- Born: Domitilla Hormizinda Miranda de Carvalho 10 April 1871 Travanca, Portugal
- Died: 11 November 1966 (aged 95) Lisbon, Portugal
- Occupations: Teacher, doctor and politician
- Known for: First woman to study at University of Coimbra and one of first three female members of the Portuguese National Assembly

= Domitila de Carvalho =

Portuguese feminist figure (1871–1966)

Domitila (Domitilla in the old Portuguese spelling) de Carvalho (1871–1966) was a Portuguese medical doctor, teacher, writer and politician. She was the first woman to attend the University of Coimbra in Portugal, from where she graduated in Mathematics, Philosophy and Medicine. A supporter of the Estado Novo government, she was also one of the first three female deputies (members of parliament) elected in Portugal. She was a monarchist and a friend of Queen D. Amélia, with whom she shared correspondence.

==Early life==
Domitilla Hormizinda Miranda de Carvalho was born on 10 April 1871 in Travanca in the Aveiro District of Portugal. She was the daughter of a primary school teacher. Her father died when she was just one year old, leaving her mother with three young children. She went to school in Castelo Branco, Bragança and Leiria, completing high school in 1891. On the basis of excellent exam results she then became the first woman to be admitted to the University of Coimbra since 1772, enrolling in October 1891. As a condition for admission, she was obliged to always wear black, with a discreet hat, so that she was not noticeable amongst the male students who were required to dress in capes and buttoned cassocks.
==Academic achievements and early career==
De Carvalho graduated with distinction in Mathematics and Philosophy in 1894 and 1895 and until 1896 was the only female graduate of the university. Her achievement attracted considerable publicity and she was seen as a role model for young women. After graduation she enrolled in the Medicine course and obtained her doctorate in 1904. She was then asked by Queen Amélia of Orléans, Queen Consort of the Portuguese king, who had sponsored her while she was at university, to work at the newly established National Tuberculosis Institute in the Portuguese capital Lisbon. She also worked at a Maternity Clinic and, for a short period, went into private practice. However, she soon took the opportunity to become both the dean and a teacher at the D. Maria Pia High School in Lisbon. This was founded in 1906 as the first secondary school for girls in Portugal and she was the dean from its foundation until 1912. The school changed its name to the Almeida Garrett High School in 1917, and later to the Maria Amália Vaz de Carvalho High School. De Carvalho taught several subjects and was the first Portuguese woman to become a mathematics teacher and continued to teach at the school until her retirement.

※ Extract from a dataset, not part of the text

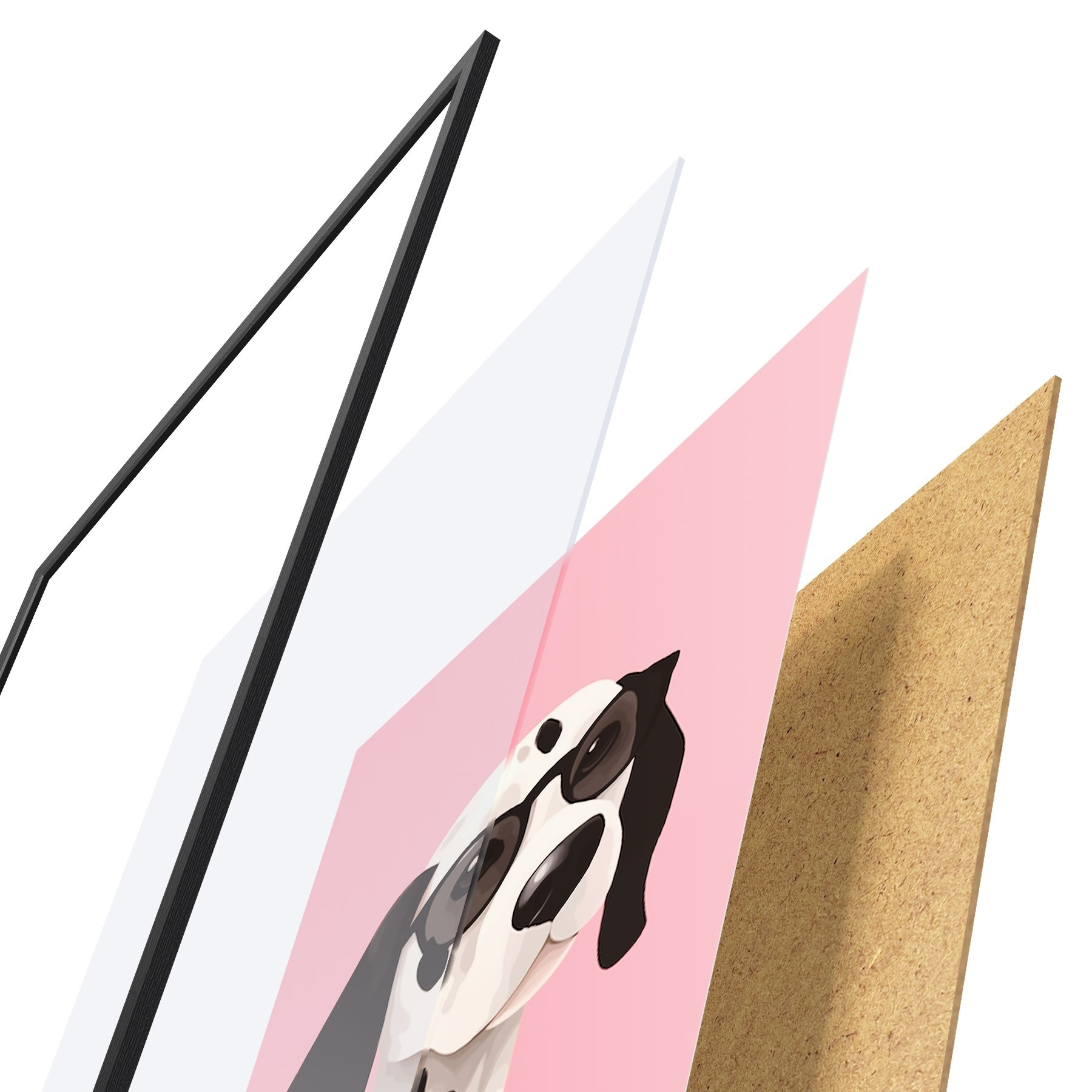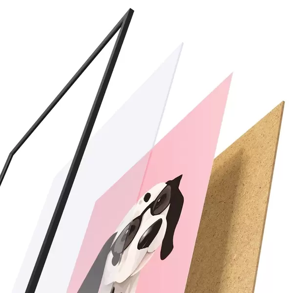 De poster bestaat uit een frame, plexiglas, geprinte afbeelding en spaanplaat achterkant. De poster kan meteen aan de muur worden gehangen dankzij de bevestigingen op de achterkant.

Despite her conservative Catholic views, De Carvalho decided to sign a 1909 petition in support of divorce. Parallel to her activities as a teacher and doctor, De Carvalho involved herself in writing, starting by publishing sonnets and writing for Serões, an illustrated monthly magazine published between 1901 and 1911. She also organised conferences on literary and educational matters. She was elected as a correspondent member of the Lisbon Academy of Sciences and also became a member of the Superior Council for Public Instruction (Conselho Superior de Instrução Pública), which, prior to the establishment of the Ministry of Education in 1936, was responsible for directing and regulating public education. She was also a prominent member of several organizations linked to the Catholic Church. As a supporter of the Estado Novo government, she was appointed as a member of the board of Obra das Mães pela Educação Nacional (Mothers’ Work for National Education), an Estado Novo organization. Although her ideological position was conservative, she became associated with feminist anti-war initiatives.
==Role in the National Assembly==
In 1934 she was one of three women, together with Maria Guardiola and Maria Cândida Parreira, invited by the National Union, the sole legal party of the time, to be on the list of candidates for the newly created National Assembly. None of the three had children but they all had a higher academic degree and devoted themselves to their careers, in contradiction to what the regime expected from women. Conservative in her approach, she adhered from the beginning to the political and ideological principles of the Estado Novo. At the National Assembly, she spoke about infant mortality, which led to the introduction of compulsory courses in general hygiene and childcare in secondary schools. Emphasising the importance of education to the empowerment of women, she also participated in discussions on educational reform. She was against secular education and spoke in favour of the compulsory display of the crucifix in primary schools. As a monarchist, she was the interlocutor between the Portuguese leader António de Oliveira Salazar and the former Queen, D. Amélia of Orléans, with whom she continued to maintain correspondence.

Domitilla de Carvalho died in Lisbon on 11 November 1966. Her correspondence and other documents are held at the Portuguese national archives.